» WHAT TO WORK ON:
Would you please copy the entries exactly, leaving every picture aside?

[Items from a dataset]
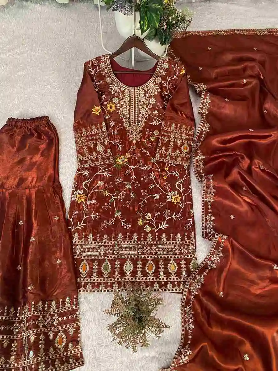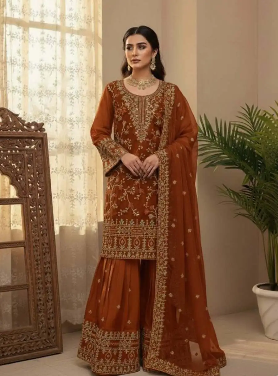 DESIGNER GMY SILK SEQUENCE EMBROIDERY WORK TOP SHARARA WITH DUPATTA FESTIVE WEAR WHOLESALE PRICE ETHNIC GARMENT ORANGE
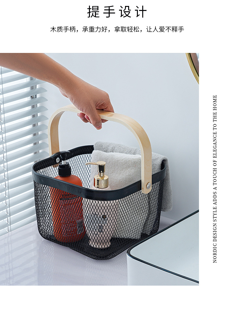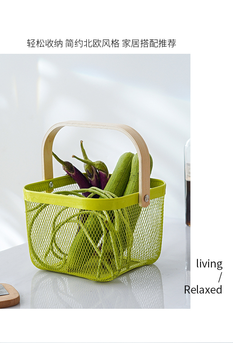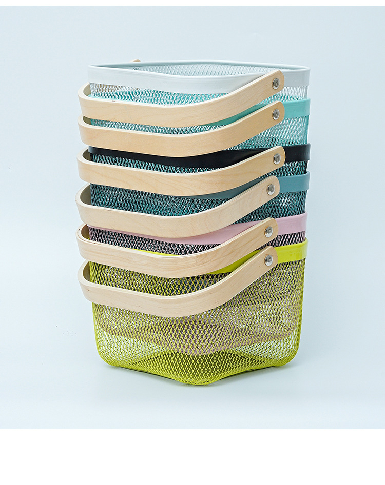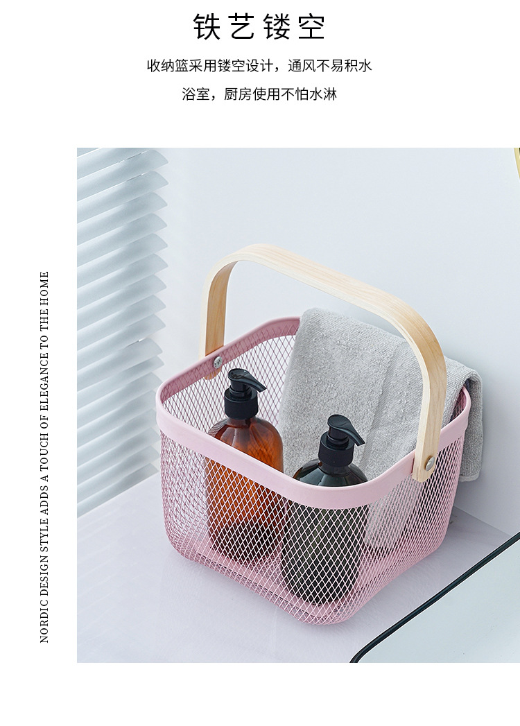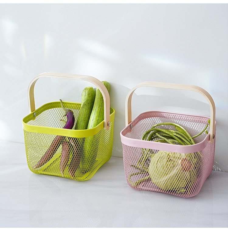 Nordic Portable Household Metal Storage Basket Fruit Snacks Sundries Bathroom Macaron Color Storage Basket Shopping Basket
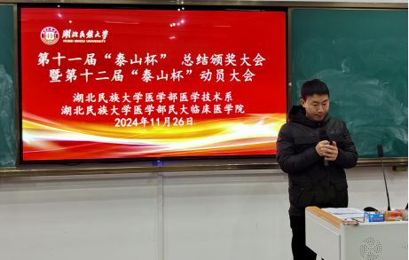 11月26日,医学影像技术专业第十一届“泰山杯”总结颁奖大会暨第十二届“泰山杯”动员大会于民大临床学院圆满举行,此次大会不仅是对过去一年辛勤耕耘成果的回顾,更是对未来征程的展望与动员。医学部副主任、医学技术系王松主任,医学部副主任陈磊,民大医院副院长冉瑞金,医学影像技术专业负责人向辉华,民大医院放射科技术组组长胡春阳,放射科乐敏莉、张华伍、杨早及医学部医学影像技术专任教师旷香琴参加了本次会议。参加本次会议的还有第十一届“泰山杯”参赛同学及医学影像技术专业22级全体同学,会议由民大医院教学科主任黎学兵主持。
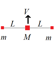 그림과 같이 3 물체가 줄(전체 길이=$2L$)로 연결되어 있다. 물체 $M$에 충격을 주어 줄에 수직한 방향으로 $V$의 속도로 움직이기 시작한다. 질량 $m$인 두 물체가 충돌하기 직전 줄에 걸리는 장력은?
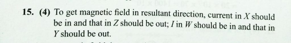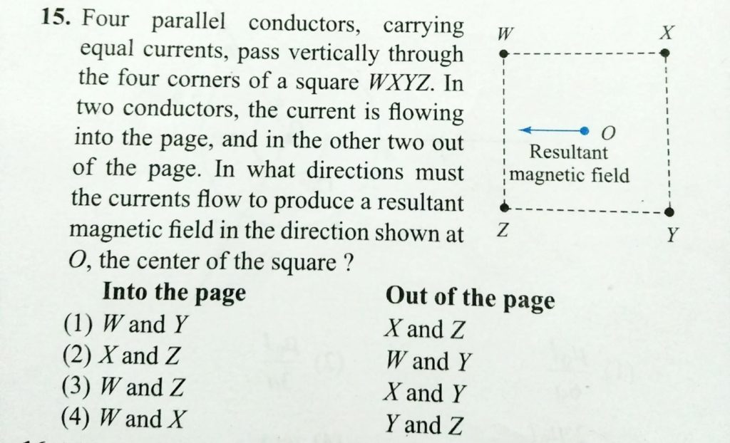 Four parallel conductors, carrying equal currents, pass vertically through the four corners of a square WXYZ. In two conductors, the current is flowing into the page, and in the other two out into the page, and in the other two out of the page. In what directions must the currents flow to produce a resultant magnetic field in the direction shown at O, the centre of the square?
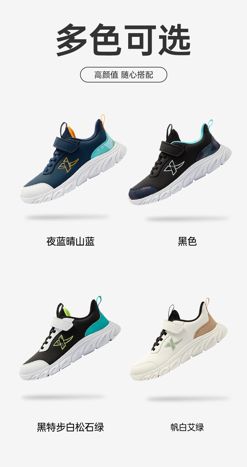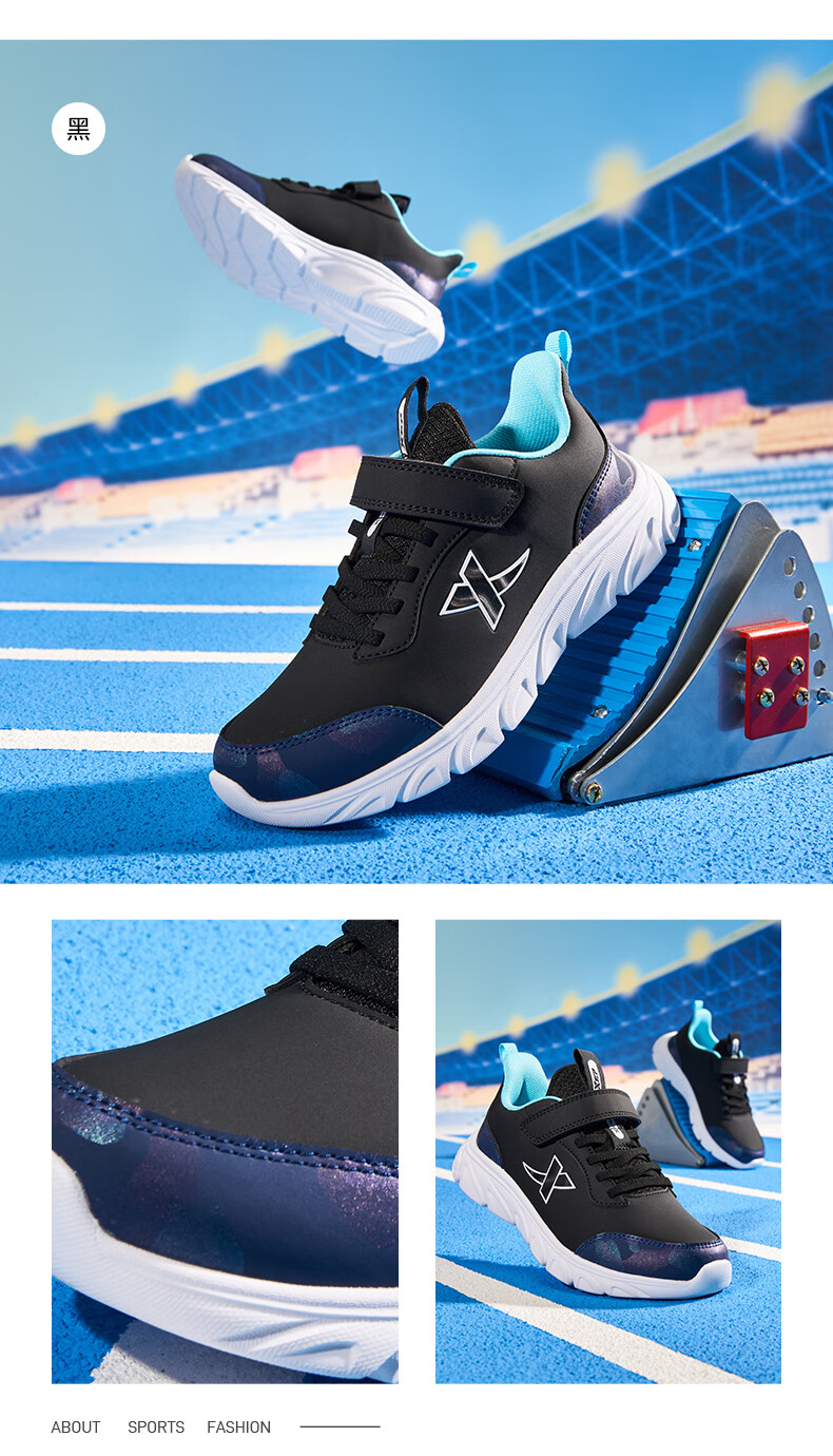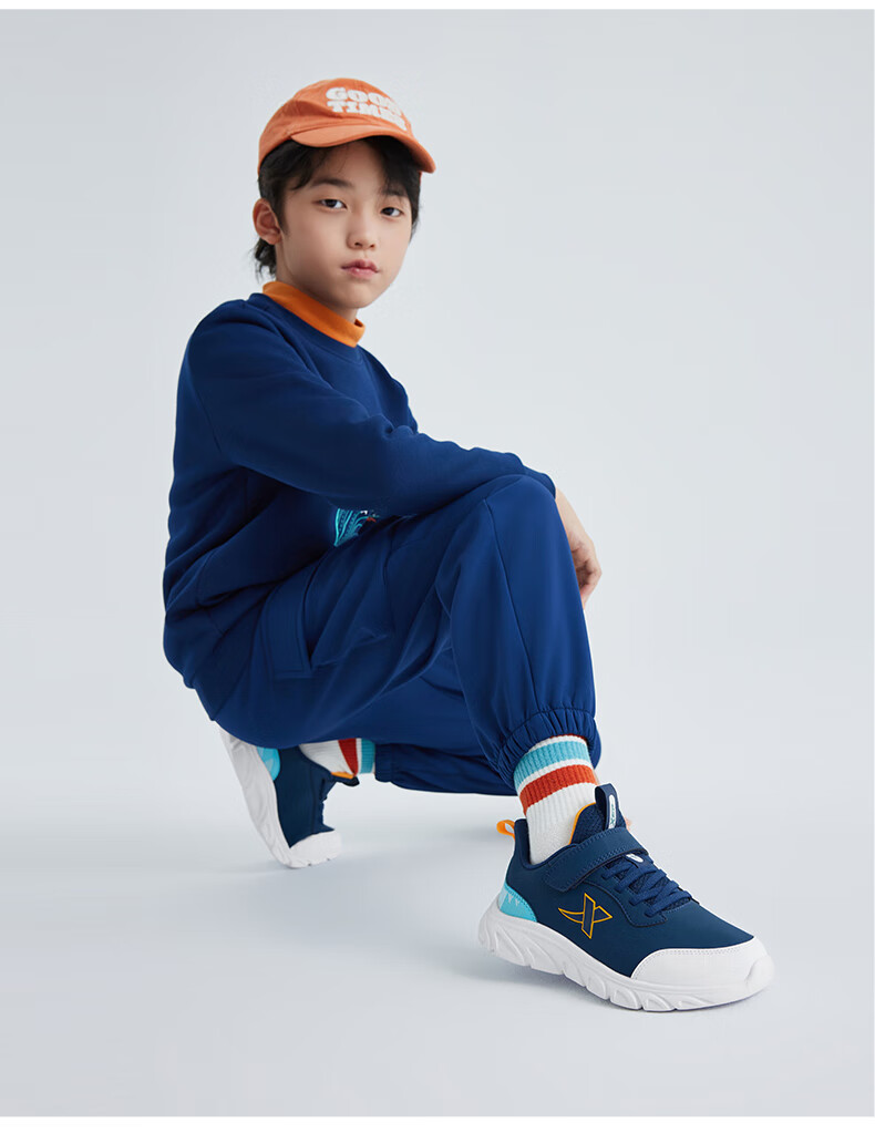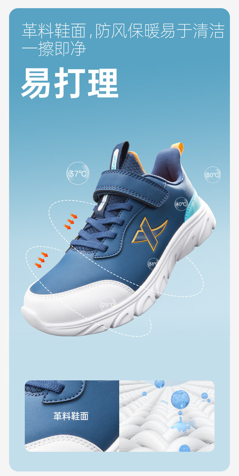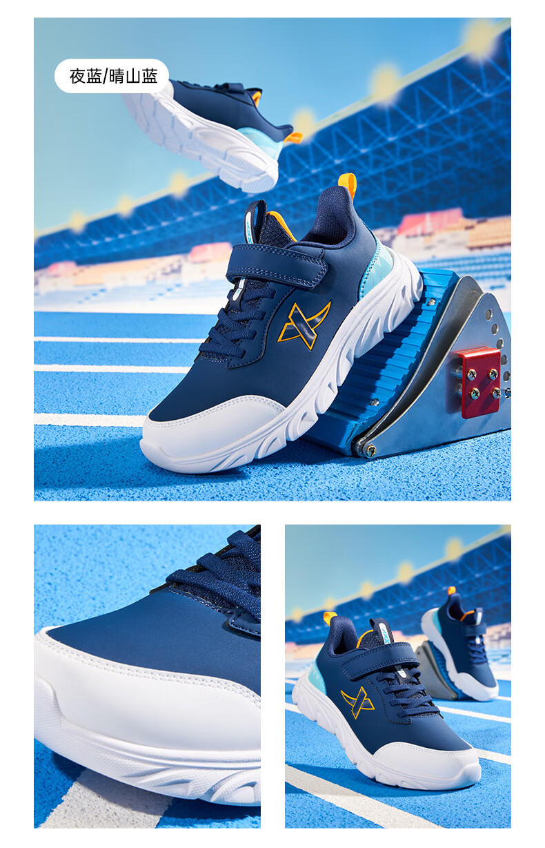 特步儿童童鞋基础跑鞋男女童全革百搭运动鞋 夜蓝/晴山蓝 36
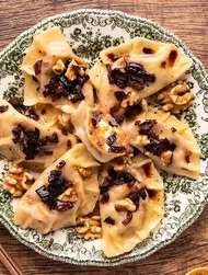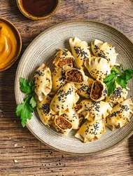 Del deigen i tre porsjoner. Ta en porsjon og kjevl den ut til et tynt ark. Pass på at de to andre porsjonene er tildekket, så de ikke tørker ut. Stikk ut sirkler av deigen. Legg en teskje fyll midt på hver sirkel, brett i halvmåneform og trykk kantene sammen for å lukke dem. Legg dumplingsene på et melstrødd brett og dekk dem med en håndkle. Gjør det samme med de to andre porsjonene. Deigmengden skal tilsvare ca. 15–20 dumplings. Kok dumplingsene i omganger i kokende saltet vann.
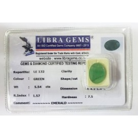 REPORT NO . LE 132CLARITY . N/ACOLOUR . GREENSHAPE / CUT . OVALWT . 5.54 CTSDIMENSION . 4-4.1-1.4-4.R . INDEX . 1.57HARDNESS . 7.5COMMENT . EMERALD..

» EXERCISE ANSWER:
 DESIGNER GMY SILK SEQUENCE EMBROIDERY WORK TOP SHARARA WITH DUPATTA FESTIVE WEAR WHOLESALE PRICE ETHNIC GARMENT ORANGE
 Nordic Portable Household Metal Storage Basket Fruit Snacks Sundries Bathroom Macaron Color Storage Basket Shopping Basket
 11月26日,医学影像技术专业第十一届“泰山杯”总结颁奖大会暨第十二届“泰山杯”动员大会于民大临床学院圆满举行,此次大会不仅是对过去一年辛勤耕耘成果的回顾,更是对未来征程的展望与动员。医学部副主任、医学技术系王松主任,医学部副主任陈磊,民大医院副院长冉瑞金,医学影像技术专业负责人向辉华,民大医院放射科技术组组长胡春阳,放射科乐敏莉、张华伍、杨早及医学部医学影像技术专任教师旷香琴参加了本次会议。参加本次会议的还有第十一届“泰山杯”参赛同学及医学影像技术专业22级全体同学,会议由民大医院教学科主任黎学兵主持。
 그림과 같이 3 물체가 줄(전체 길이=$2L$)로 연결되어 있다. 물체 $M$에 충격을 주어 줄에 수직한 방향으로 $V$의 속도로 움직이기 시작한다. 질량 $m$인 두 물체가 충돌하기 직전 줄에 걸리는 장력은?
 Four parallel conductors, carrying equal currents, pass vertically through the four corners of a square WXYZ. In two conductors, the current is flowing into the page, and in the other two out into the page, and in the other two out of the page. In what directions must the currents flow to produce a resultant magnetic field in the direction shown at O, the centre of the square?
 特步儿童童鞋基础跑鞋男女童全革百搭运动鞋 夜蓝/晴山蓝 36
 Del deigen i tre porsjoner. Ta en porsjon og kjevl den ut til et tynt ark. Pass på at de to andre porsjonene er tildekket, så de ikke tørker ut. Stikk ut sirkler av deigen. Legg en teskje fyll midt på hver sirkel, brett i halvmåneform og trykk kantene sammen for å lukke dem. Legg dumplingsene på et melstrødd brett og dekk dem med en håndkle. Gjør det samme med de to andre porsjonene. Deigmengden skal tilsvare ca. 15–20 dumplings. Kok dumplingsene i omganger i kokende saltet vann.
 REPORT NO . LE 132CLARITY . N/ACOLOUR . GREENSHAPE / CUT . OVALWT . 5.54 CTSDIMENSION . 4-4.1-1.4-4.R . INDEX . 1.57HARDNESS . 7.5COMMENT . EMERALD..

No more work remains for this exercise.